The overall hypothesis of this project is that genetic-based approaches are more accurate than existing methods in estimating species richness because they are more sensitive in the detection of rare species, whether invasive, threatened, or endangered. This work was divided into five tasks. Task 1: Develop aquatic environmental DNA (eDNA) metagenetic assays for fishes and amphibians using traditional polymerase chain reaction (PCR) and ultrasequencing, validated for selected species with quantitative real time PCR (qPCR). Task 2: Test the assays on artificial aquatic mesocosm-scale assemblages of known species richness and diversity. Task 3: Test the assays in natural environments whose species richness has been thoroughly evaluated by traditional methods. Task 4: Apply the assays to natural environments with unknown species richness at different spatial scales, for comparison with traditional methods for estimating species richness. Task 5: Apply and compare alternative models for estimating species richness and biodiversity across a variety of aquatic systems.
The research team developed and applied a new metagenetic toolbox of PCR primers for multiple mitochondrial loci for the detection via sequencing of freshwater fish and amphibian species richness. Details for each task follow.
Task 1: To develop markers the research team used three in silico approaches of literature searches, primer design software, and visual searches of alignments from publicly available sequences. Using experiments, they tested alternative methods for field (DNA sample collection) and laboratory (extraction, library preparation, controls) protocols to increase capture of Edna, reduce contamination, and achieve room temperature preservation of eDNA. They gathered fish and amphibian specimens from other investigators, museums, and their own collections to create a reference database. They assessed different bioinformatics pipelines with respect to the goal of identifying rare species.
Task 2: The research team conducted a replicated mesocosm experiment to test the precision of the metagenetic approach for measuring known fish and amphibian species richness; different treatments contained different relative and absolute abundances of the same eight fish species and one amphibian species.
Task 3: The research team conducted side-by-side sampling with both eDNA and traditional methods in Juday Creek, an Indiana stream with a fish community that has been sampled for many years, and Lawler Pond at Ft. Custer Training Center, Michigan.
Task 4: The research team conducted eDNA sampling in Eagle Creek at Ft. Custer, and in streams inmultiple watersheds at Camp Pendleton, California.

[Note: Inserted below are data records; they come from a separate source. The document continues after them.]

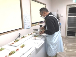みんなのカフェ・ロベで男性スタッフもキッチンに立ち、お料理しております。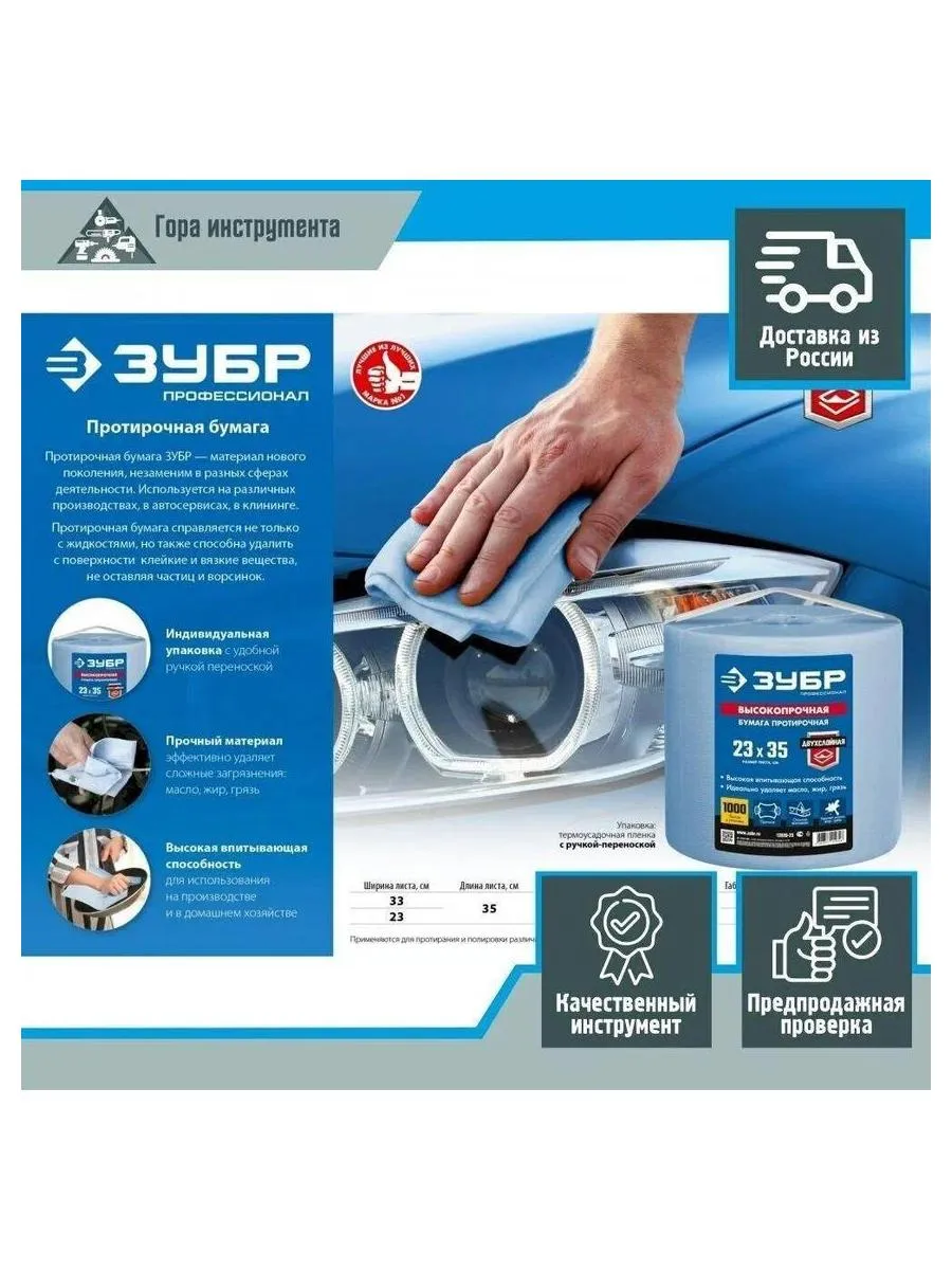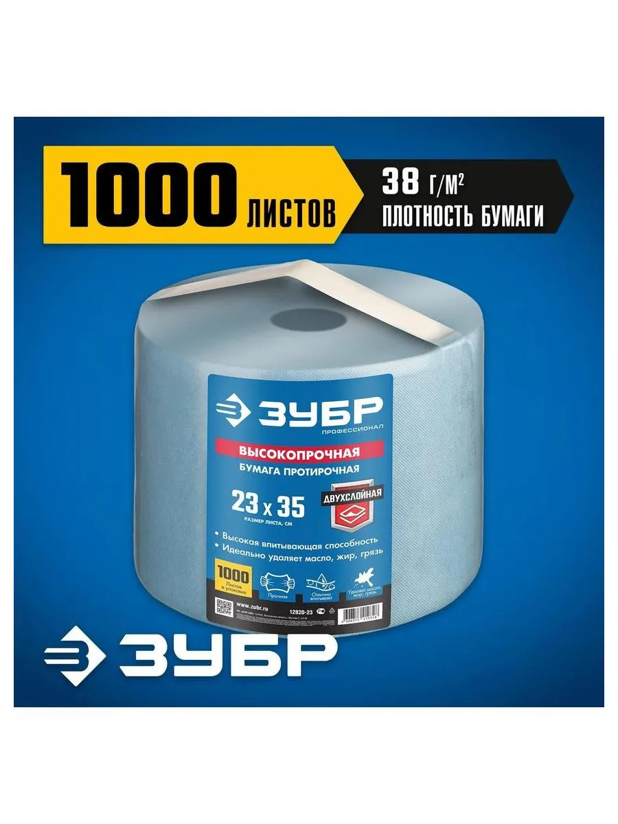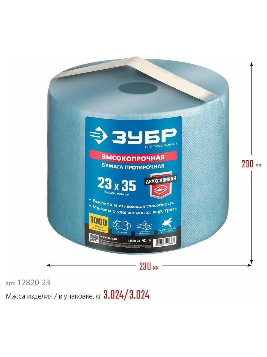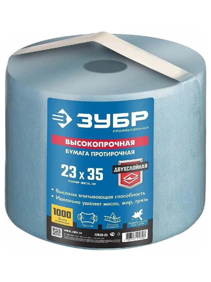 Описание товара Бумага протирочная ЗУБР 23 х 35 см, 2-х слойная, в рулоне, 1000 листов, Профессионал (12820-23)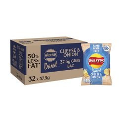 【2023 Limited Time Deals + Free Shipping】Walkers 37.5 g Baked Cheese and Onion Potato Crisps Box – 50 Percent Less Fat Suitable for Vegetarians – Case of 32 Bags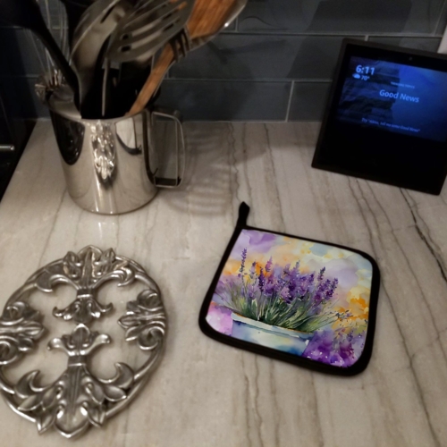 Pair of Pot Holders featuring breed specific Lavender artwork. A Pair of Pot Holders to match your kitchen decor. Made in the USA these are thick and functional. Full color artwork decorates the front polyester fabric of the hot pad and accented by a black trim. Use these at as a trivet for your Thanksgiving or Christmas tablescape. Filled with insulated fabric and quilted for durability. These colorful pot holders will make a great gift for your favorite home cook or executive chef. Each pot holder measures approximately 7 1/2 inches by 7 1/2 inches. A hanging tab is included.

Task 5: The research team used the bias-corrected Chao II estimator on eDNA incidence data to estimate fish species richness in the mesocosm study, Juday Creek, and Lawler Pond.
Using eDNA assays in experimental mesocosms the research detected 100% of stocked species. In a lake and a stream community, using eDNA they detected 100% of the species that were detected by intensive sampling with traditional means (traps, nets, electrofishing), plus additional species not captured. Using Chao estimators, species richness estimates based on eDNA exceeded those based on traditional sampling. Details for each task follow.
Task 1: The research team identified six primer pairs that are effective for fishes and amphibians. They identified new protocols for DNA sample collection (e.g., use of cellulose nitrate filers, CI extraction), and laboratory protocols including various controls to identify contamination, and discovered that Longmire’s preservative provides room temperature preservation for at least two weeks. They created a reference database of sequences for a total of 47 species, including targetspecies, species used in the experiments, and species known to occur at the field sites. Finally, they developed a new bioinformatics pipeline to analyze metagenetic data.
Task 2: In the mesocosm experiment, the metagenetic methods detected all fish and amphibian species in all treatments and all replicates.
Task 3: In Juday Creek, eDNA detected all 12 species caught with traditional methods. eDNA detected four additional species known from the region but never before detected in Juday Creek; these species may be present in the sampled reaches or upstream. From the Ft. Custer pond, eDNA detected all 10 fish species detected with traditional methods plus as many as 11 additional species (depending on the level of bioinformatics stringency the research team applied).
Task 4: In Eagle Creek, the research team detected a total of 23 fish species with eDNA, with species number increasing downstream. In Camp Pendleton, they detected 27 native species and 10 exotic species, all previously known from the base. They additionally detected the federally protected Tidewater Goby and the state listed Arroyo chub and Arroyo toad at locations previously known for their occurrence. They did not detect the federally listed Southern Steelhead.
Task 5: Under plausible bioinformatics stringency, species richness estimated using the Chao II estimator from eDNA exceeded the number of species detected with eDNA (and exceeded by even more the number of species detected with traditional methods).
The research projects in tasks 1-5 built upon each other. Collectively, these projects demonstrated that eDNA methods entail much less sampling effort than traditional methods while providing more sensitive estimates of species presence. Therefore, eDNA yielded higher, and likely more accurate, estimates of species richness than traditional methods.